Regensburg 21. August 1809
Die unterzeichnete Stelle ist vollkommen mit den Ansichten einverstanden, welche der Herr geheime Rat in seinem. Berichte über den Antrag des OPA. Zürich, die holländische Korrespondenz noch ferner über Frankfurt zu leiten, geäussert hat. Allerdings können, so lange von ghzgl. Bergischer Seite keine Aufkündigung erfolgen wird, die Schweizer Briefe nach Holland unbeanstandet angenommen und wie bisher über Düsseldorf befördert werden. Der Herr Geheimrat wolle dieses dem OPA. in Zürich bemerken und bei dieser Gelegenheit zugleich auf eine unverfängliche Weise auf den Ausweg hindeuten, welcher im Notfalle dadurch sich finden Hesse, wenn die Briefe von Zürich ungestempelt an Frankfurter Häuser adressiert und von diesen sodann als Lokalbriefe in Frankfurt zur Post gegeben würden, denn dem Vorschlage des OPA. in Zürich kann man sich in keinem Falle unterziehen und zu offenbaren Unterschleifen von Seiten der Postanstalt selbst die Hände bieten.
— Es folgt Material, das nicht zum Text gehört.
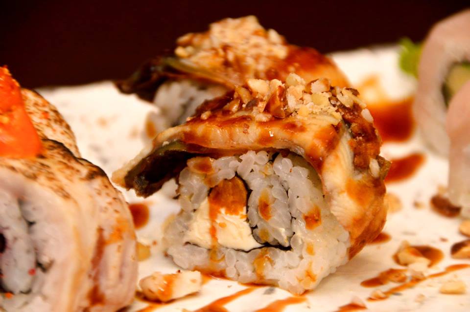 Cream cheese is a commonly used ingredient in fusion sushi with it’s thick creamy texture. In this sushi, it works a charm by harmonising the smokey flavours of the eel, the natural sweetness of the soft delicate pureed pumpkin and the crunchy texture of the nuts.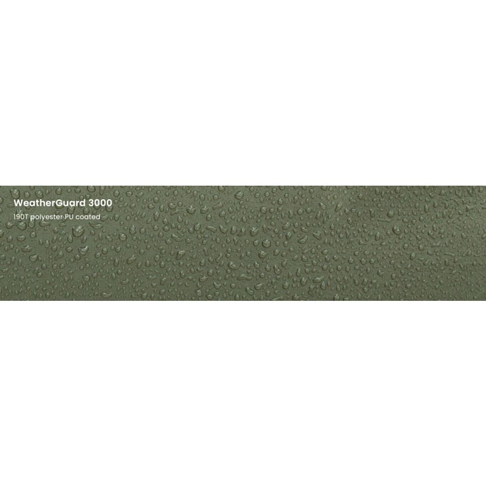 - Fabric: WeatherGuard 3000, 190T polyester PU coated, PFC free water repellency, fire retardant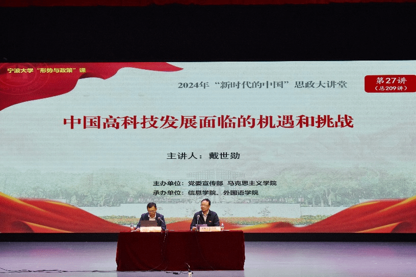 10月30日,副校长戴世勋在林杏琴会堂以“中国高科技发展面临的机遇和挑战”为主题,为伊人直播

Ebenso findet man es vorzüglich in dem gegenwärtigen Augenblicke zu bedenklich, gegen die von kais. französischer Seite bereits erklärten und bekannten Absichten, mit den Schweizer Posten in unmittelbare Verabredungen einzugehen. Übrigens wünscht man, dass der Herr Geheimrat diese Gelegenheit benutze, um dem OPA. in Zürich begreiflich zu machen, wie empfindlich es dem diesseitigen Postinstitut, welches bereits in so langjährigem guten Vernehmen mit den Schweizer Posten stehe, fallen musste, dass letztere ohne eigene grosse Konvenienzen zu bezwecken, zu grossem Nachteile des ersteren sich mit den kgl. bayerischen Posten in Verbindungen eingelassen haben, wodurch den diesseitigen Züricher und Basler Kursen der grösste Teil der Korrespondenz und Postwagenversendungen entzogen wurde, indem diese nach den neuern, zwischen den kgl. bayerischen und den Schweizer Posten verabredeten Einrichtungen nunmehr ihren Weg grösstenteils über St. Gallen und Lindau nehmen.
Die Generaldirektion der Thurn und Taxisschen Lehensposten in Regensburg konnte es also nicht unterlassen, bei dieser Gelegenheit, wo man den Zürichern gefällig sein konnte, auf das Ärgernis hinzuweisen, das durch die Schweizer Postverträge mit Bayern entstanden war. Diese waren zwar nicht mehr zu ändern, aber mit Gewissheit würde man das Entgegenkommen bald wieder in Aufrechnung bringen. Wir können also nun davon ausgehen, dass es den Zürichern und wohl auch anderen Kantonen damit zunächst gelungen war, ihre Briefe dem französischen Diktat zu entziehen. Wie lange dieser Zustand anhielt, darüber gibt der Aktenvorgang keine weitere Auskunft. Gesichert ist jedenfalls, dass die Schweizer Briefe weiter über Frankfurt und das Ghzt. Berg nach Holland laufen konnten. Es können sowohl unfrankierte als auch bis zur Grenze frankierte Briefe vorkommen. Besonders beachtenswert dürften aber vor allem solche Briefe sein, die mit Frankfurter Stempeln versehen, dem Inhalt nach aber aus Zürich oder anderen Kantonen stammend, nach Holland gelaufen sind. Dabei müsste es sich um die hier genannten, an Frankfurter Handelshäuser im Paket verschickten Briefe handeln, die wir auch als sog. „kuvertierte" Briefe bezeichnen. Damit ist dann auch ein weiteres Beispiel geliefert, dass das Herz der Postgeschichtler nicht allein an den Stempeln hängen kann. Briefe mit Frankfurter Stempeln können hochinteressante und in diesem Falle durch Akten belegbare Schweizer Postgeschichte repräsentieren.